Panorama was born on 11 November 1953, at a time when the radio was still king and television still the poor relation.
Noel Coward refused to appear on Panorama
The "magazine of informed comment on the contemporary scene" led with a report on the "brainwashing" of British spy Edgar Sanders after he was captured by the Soviets.
Other items included a National Coal Board representative answering complaints about the quality of coal, a discussion about the state of the fishing industry and an art review section.
It was the brainchild of Dennis Bardens, a former Fleet Street journalist and BBC Radio producer and staff producer Andrew Miller Jones.
Around 100 potential programme titles including, 14 Days Journal, Fortnightly Witness, Eye on the World and You and the World, were rejected in favour of Panorama.
Some say the name was suggested by Miller Jones's wife to be, but Bardens says it came to him in a flash of inspiration as he was enjoying the panorama in his fifth floor office at Alexandra Palace.
Kenneth A Wright, head of music programmes, suggested the theme tune should be "spacious without being pompous; rich in texture, but not glamorous; memorable without being trite, virile without being choppy or a march; melodious but not sacchariny."
From these directions, the last movement from Carl Nielsen's Sinfonia Espansiva was suggested, although an extract from Jean Sibelius' Pelleas and Melisande was finally chosen. The current theme tune (Aujourd'hui C'est Toi by Francis Lai) was first used in the 1960s.
Despite Panorama being the longest running current affairs programme in the world, the first programme could easily have been the last.
According to a memo from Miller Jones, Noel Coward refused to appear because he claimed "television is not yet ready for him".
Problems on the set
The early titles showed a panoramic view of London
The original format was criticised internally for lacking in visual presentation and placing too much emphasis on verbal comment.
Head of television programmes, Cecil McGivern, wrote on 29 September, 1953: "The lay-out also give me the feeling that, though thought has been given to the subject of a magazine programme in television, there just are no new ideas forthcoming and that the thing is tending to fall to pieces."
The art criticism section was included only after a debate between Miller Jones and McGivern.
"Our relations with the theatre and the cinema are delicate and difficult," said McGivern in a memo. "I feel that it would be very bad diplomacy to include criticism in our programmes until times are more auspicious".
"C.P.Tel (McGivern) has vetoed film criticism in any shape or form, because he feels that we should not do anything to help the film industry until they become a little more helpful to television", Miller Jones lamented.
Rehearsals for the programme itself also went badly.
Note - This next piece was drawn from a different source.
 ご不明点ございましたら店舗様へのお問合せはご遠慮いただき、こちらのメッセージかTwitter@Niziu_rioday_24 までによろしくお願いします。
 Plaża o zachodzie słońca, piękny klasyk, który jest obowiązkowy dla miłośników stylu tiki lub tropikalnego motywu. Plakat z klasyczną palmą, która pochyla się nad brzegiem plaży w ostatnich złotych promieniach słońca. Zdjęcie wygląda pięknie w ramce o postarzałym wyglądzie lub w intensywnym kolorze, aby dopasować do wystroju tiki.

The set wasn't complete at the beginning of rehearsals on the day of transmission.
Miller Jones later complained about a wobbly photograph display and a bookcase lectern that was too flimsy to take the weight of books.
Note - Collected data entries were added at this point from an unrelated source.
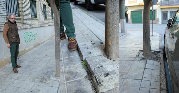 MOTRIL. Francisco Ruiz señala los problemas de movilidad y las barreras arquitectónicas que presenta esta calle, “cuyas aceras, además de ser bastante estrechas, están en muy mal estado, con tramos de losetas levantadas y bordillos rotos”.
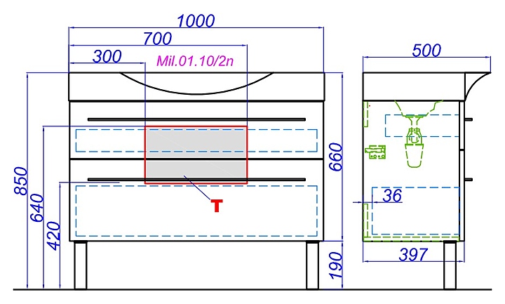 Тумба Aqwella Milan Mil.01.10/2n/W 100 см, белый
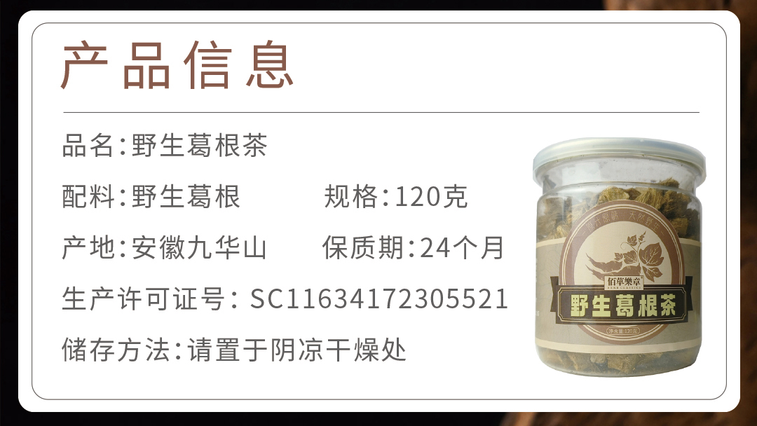 佰草乐章野生葛根茶汤中药材泡水葛根丁纯正无硫熏葛根片酒后养生茶120克
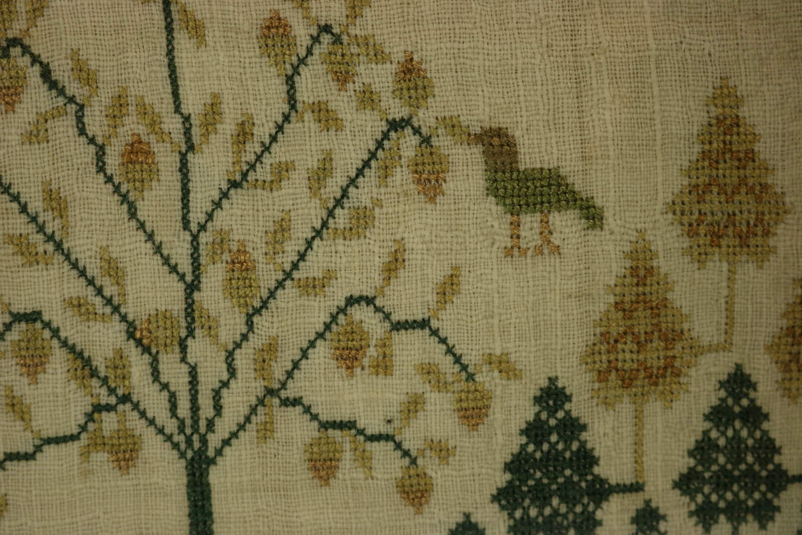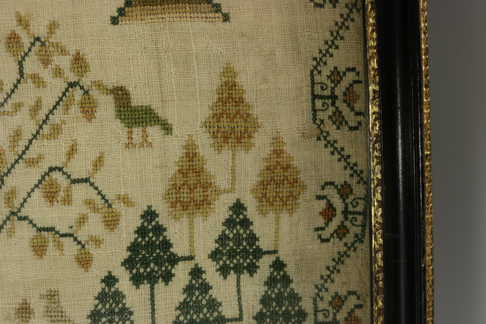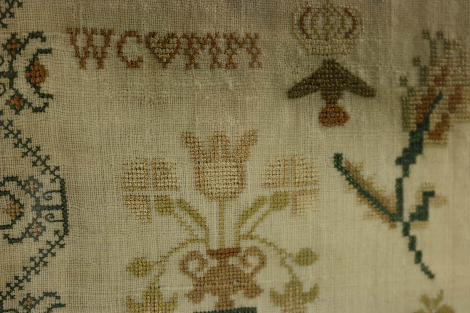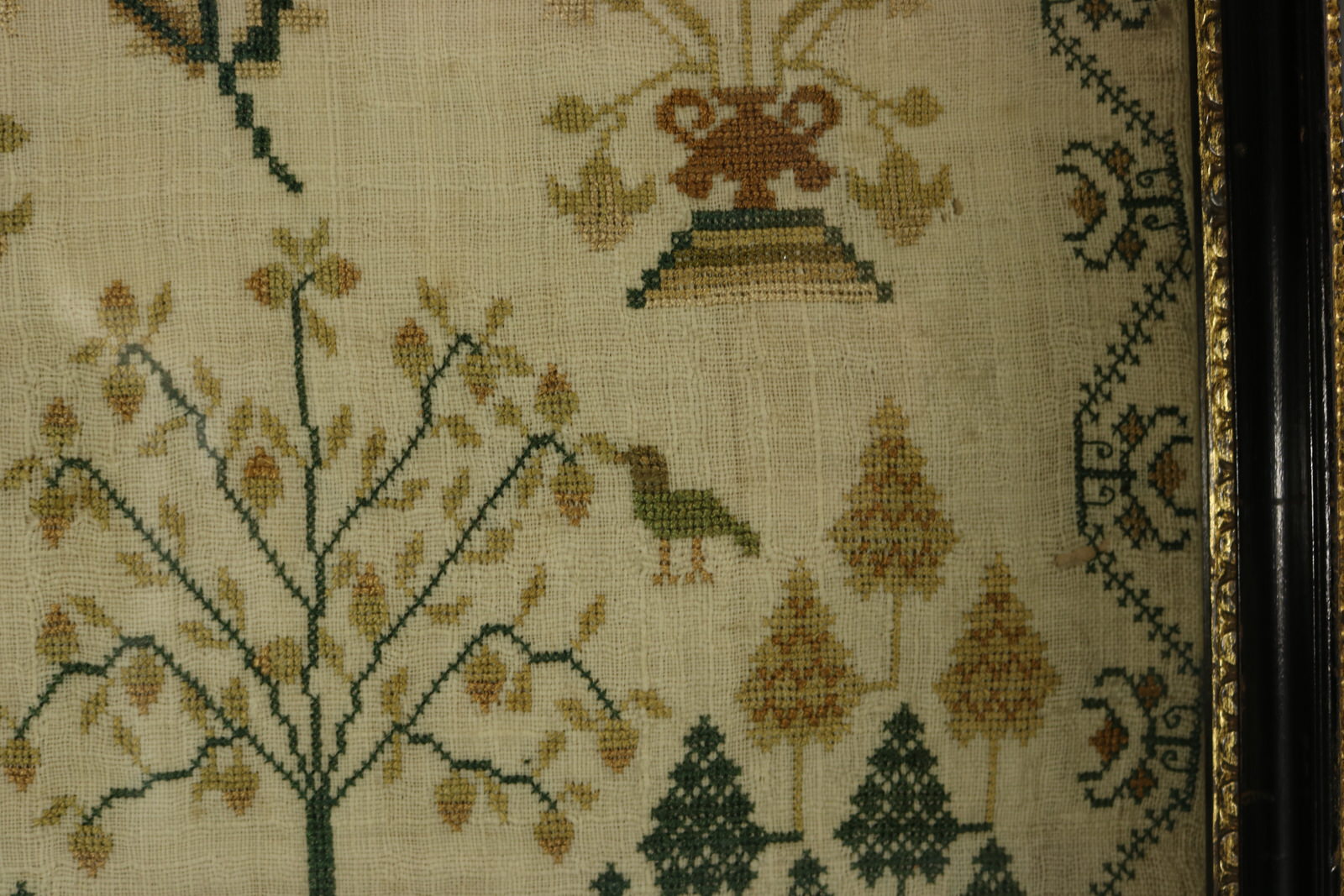 The sampler is worked in silk on linen ground, in cross stitch throughout. Meandering floral border.

The programme "guide" Patrick Murphy, had never been in a television studio before and met Bardens for the first time on the day of broadcast.
Murphy, a Fleet Street hack whose conversational skills were legendary, froze. He played one tape backwards and got the timing wrong on a television essay (a series of thoughts spoken over changing pictures) so that the words didn't fit the picture.
At the end of the first programme, he said: "We'll be on the air again in about 15 days."
Pat Murphy wrote to Andrew Miller Jones after his disastrous debut
McGivern cancelled the second edition, meaning it was a full month before the second Panorama was aired.
Murphy wrote to Miller Jones a week later, apologising for his "blundering excursion into television".
"May I puff a little breeze of affection to expel from your heart the ache I clearly detected when you signalled, so honestly, the dropping of the Murphy pilot from Panorama," Murphy wrote.
"I am sorry I did not rise above the conditions which circumstances created. Mea culpa, non tua. God prosper your brave ways."
The critics, being friends of Murphy, were as kind as they could be, however the audience reaction was less than gracious.
The audience research report found that 48% of the adult TV public watched the programme, but 8% of those surveyed gave the show the lowest mark (C-), 7% an A+ and 31% a C.
The comments included: "disjointed and scrappy", "presentation was crude", "it lacks polish" and "it needs pepping up".
But there were sufficient positive comments to suggest that the programme could, as indeed it did, carry on with a bit of tweaking.
"'This promises well for future viewing. We look forward to meeting many interesting people and to hearing more Under Fire discussions" commented a commercial traveller's wife, one of the most enthusiastic", the report said.